Of course, even with a better hash function, collisions must occur.

There are two primary ways to handle a collision:

**Separate Chaining**

Put keys that collide in a list, so all values that hash to `7` wind up in a list together that must be searched.

(What happens if hash is bad?)

**Open Addressing** (linear probing, quadratic probing, double hashing, etc.)

When a key collides, find a new slot using another algorithm.

Complex collision patterns, particularly around rehashing.

### Linear Probing

Resolve collision by moving to another index.  Linear probing just looks at next available cell.

Let's say two values have the same hash (e.g. "act" and "cat" again)

```python
h("cat") == 4
h("act") == 4
h.insert("cat", 5)
h.insert("act", 100)
```

| Index | 0 | 1 | 2 | 3 | 4 | 5 | 6 |
|-------|---|---|---|---|---|---|---|
| Cell  | None | None | None | None | ("cat", 5) | ("act", 100) | None |

When "act" is inserted, we find that position 4 is full, so we just go to position 5.  If it was full, we'd go to position 6, and so on (wrapping around if needed).

### Rehashing

Eventually the table is too full.   It is tempting to just grow the capacity, but what happens if we do?

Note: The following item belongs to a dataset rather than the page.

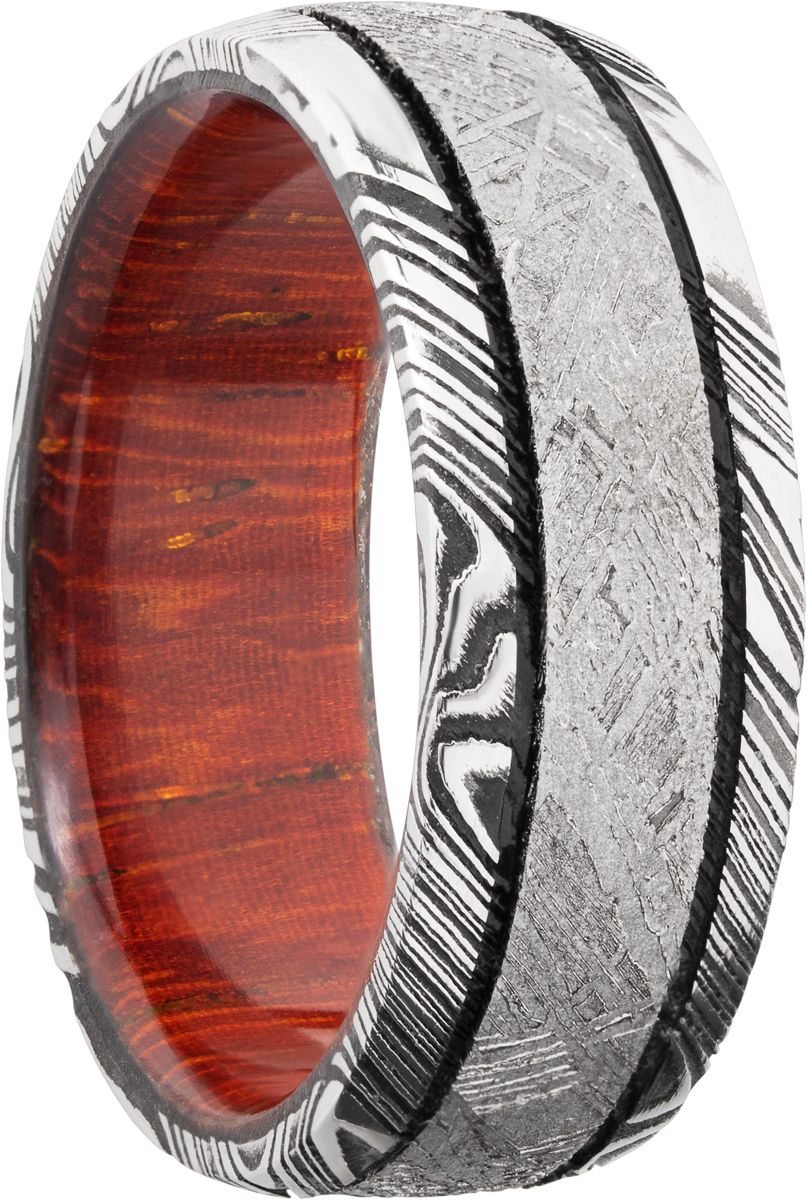 Handmade 8mm Damascus steel domed band with an inlay of authentic Gibeon meteorite and a hardwood sleeve of Padauk

So instead, we have to rehash.  Go through all items & compute new hashes.

**When to rehash?**

Why not wait until the end?

Typically compute a load factor (# of items) / (capacity).  When capacity is 50% or 75% time to rehash.

### Programming Assignment #1

* implement polynomial `_hash` as defined above
* insertion & retrieval with rehashing 
* "hard" mode: how do you avoid copying the list of items?